If time permits visit Naumkeag Garden in the summer estate of Joseph Choate, former ambassador to Britain, with its formal grounds, fountains and rose garden. The Moon Gate and Blue Steps are the garden's most famous feature; a flight of steps with arched blue recesses and a white Art Nouveau handrail ascending through paper-white birch trees.
Day 7 Berkshires – Sturbridge – Cape Cod (approx. 185 miles)

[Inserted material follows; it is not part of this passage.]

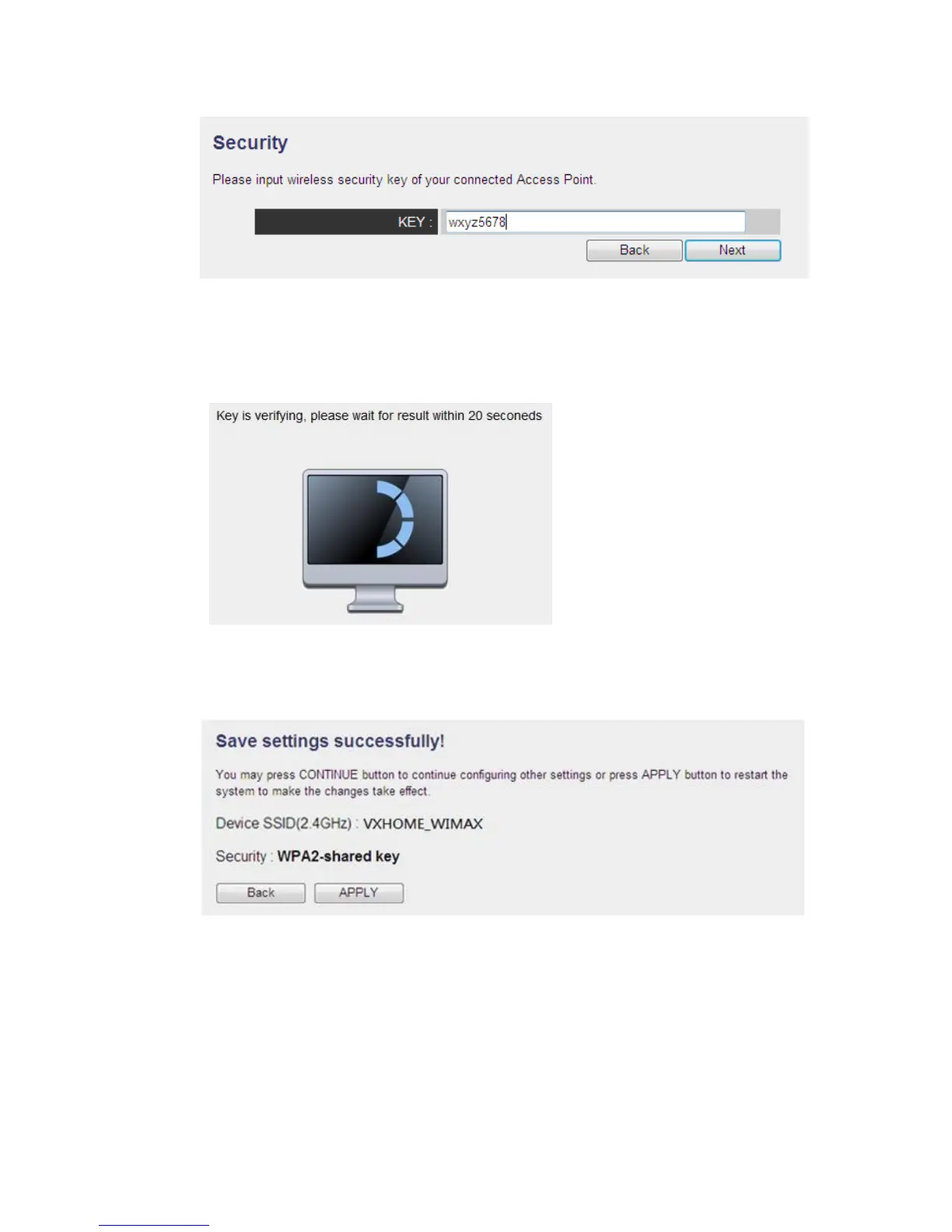 (4) It will start to verify the wireless key with your associated wireless router and

This morning travel to Sturbridge where you can visit Old Sturbridge Village an authentic re-creation of a rural New England community in the early 1800’s. The foremost gardening concern among rural New Englanders at the turn of the 19th century was the cultivation of useful vegetables, fruits, and herbs. Rapid changes and a spirit of reform in the next few decades inspired an interest in ornamental gardening. The vegetable and flower gardens at the Village exhibit plant types, gardening practices, and garden styles of the 1830s. These are based on extensive research by staff members using historical sources such as letters, diaries, reminiscences, seed and nursery catalogues, and garden advice books. The Bixby House kitchen garden displays vegetable, herb, and small fruit varieties commonly cultivated in New England in the early 19th century. At the Parsonage, the minister's kitchen garden follows an advice book and demonstrates a more scientific and experimental approach. The flower gardens show a variety of plants and garden styles and knowledgeable costumed staff, who care for the re-created gardens, answer visitors' questions. Later travel to Cape Cod, a fabulous summer resort with white sandy beaches and abundant attractions.
Day 8 - Cape Cod
Just outside Sandwich are the Heritage Museums & Gardens offering 100 spectacular acres of trees and shrubs, designed gardens, exquisite flowers and sweeping lawns. The gardens are a delight any time of year. Spring features showy Dexter Rhododendrons and flowering trees, while summer boasts brilliant annuals and dazzling daylilies. Autumn highlights blazing foliage and the fall-blooming Franklinia. Winter showcases beautiful heathers, bright berries and noble evergreens. Later perhaps a whale watch cruise and tour the Cape with a visit to historic Chatham or colourful, artistic Provincetown
Day 9 - Cape Cod – Boston Logan Airport (approx. 75 miles)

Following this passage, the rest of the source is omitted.